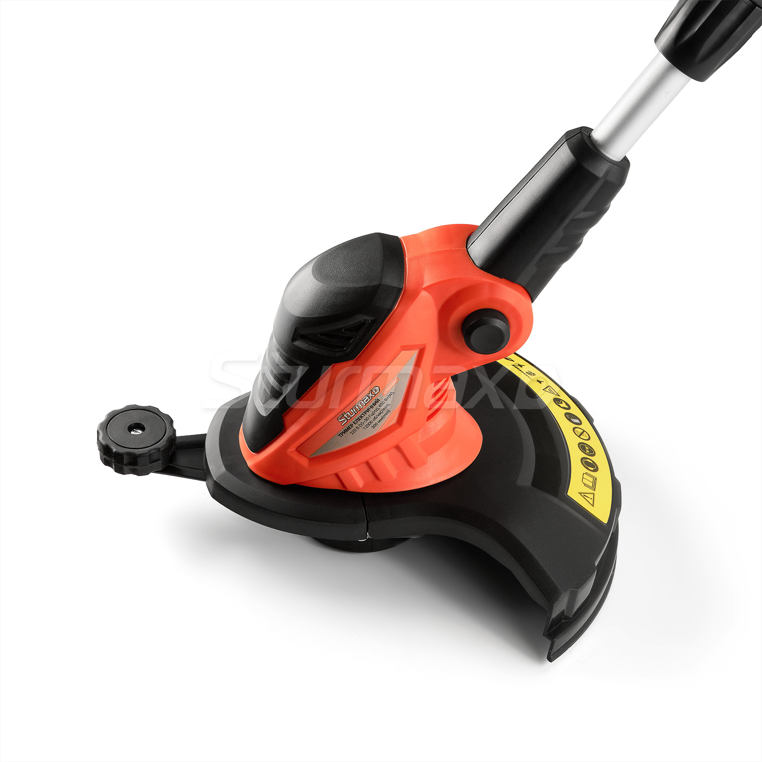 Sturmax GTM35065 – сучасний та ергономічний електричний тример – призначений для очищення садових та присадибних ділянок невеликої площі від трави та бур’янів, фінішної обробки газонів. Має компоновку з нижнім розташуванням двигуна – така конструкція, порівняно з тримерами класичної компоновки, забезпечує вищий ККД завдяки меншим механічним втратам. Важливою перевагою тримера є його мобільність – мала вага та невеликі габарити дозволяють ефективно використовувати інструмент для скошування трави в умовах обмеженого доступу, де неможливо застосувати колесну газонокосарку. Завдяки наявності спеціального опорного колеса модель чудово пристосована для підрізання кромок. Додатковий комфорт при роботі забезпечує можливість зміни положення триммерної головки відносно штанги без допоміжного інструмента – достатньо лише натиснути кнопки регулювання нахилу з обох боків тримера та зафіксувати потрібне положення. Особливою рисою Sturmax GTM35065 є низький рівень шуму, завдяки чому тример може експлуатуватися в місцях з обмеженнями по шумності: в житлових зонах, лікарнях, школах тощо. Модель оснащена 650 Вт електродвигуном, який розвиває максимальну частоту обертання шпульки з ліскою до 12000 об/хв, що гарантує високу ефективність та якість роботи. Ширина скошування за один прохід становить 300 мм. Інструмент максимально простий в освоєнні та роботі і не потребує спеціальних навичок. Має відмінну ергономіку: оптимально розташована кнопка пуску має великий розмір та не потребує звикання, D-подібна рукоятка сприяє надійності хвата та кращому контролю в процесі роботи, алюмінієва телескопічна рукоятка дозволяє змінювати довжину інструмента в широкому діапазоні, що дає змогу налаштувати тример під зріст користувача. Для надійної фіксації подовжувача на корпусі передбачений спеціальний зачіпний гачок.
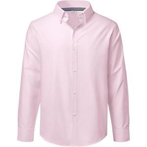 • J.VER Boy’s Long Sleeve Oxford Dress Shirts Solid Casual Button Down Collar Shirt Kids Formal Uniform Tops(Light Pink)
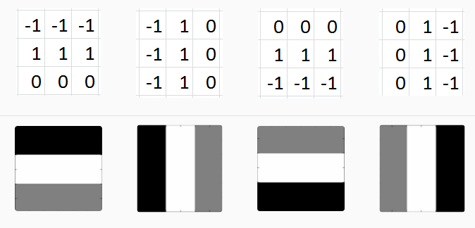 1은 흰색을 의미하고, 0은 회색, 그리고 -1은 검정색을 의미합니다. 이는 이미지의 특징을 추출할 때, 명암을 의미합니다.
^^^^^^^^^^^^^^^^
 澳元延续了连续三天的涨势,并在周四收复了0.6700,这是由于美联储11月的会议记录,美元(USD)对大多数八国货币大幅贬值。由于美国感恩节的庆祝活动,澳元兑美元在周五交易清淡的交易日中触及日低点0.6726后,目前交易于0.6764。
^^^^^^^^^^^^^^^^
What is expected —
Reproduce exactly, with no pictures, the lines above from the one holding "Uniform Tops(Light Pink)" to the one holding "1은 흰색을 의미하고, 0은", inclusive.

Output of the exercise —
 • J.VER Boy’s Long Sleeve Oxford Dress Shirts Solid Casual Button Down Collar Shirt Kids Formal Uniform Tops(Light Pink)
 1은 흰색을 의미하고, 0은 회색, 그리고 -1은 검정색을 의미합니다. 이는 이미지의 특징을 추출할 때, 명암을 의미합니다.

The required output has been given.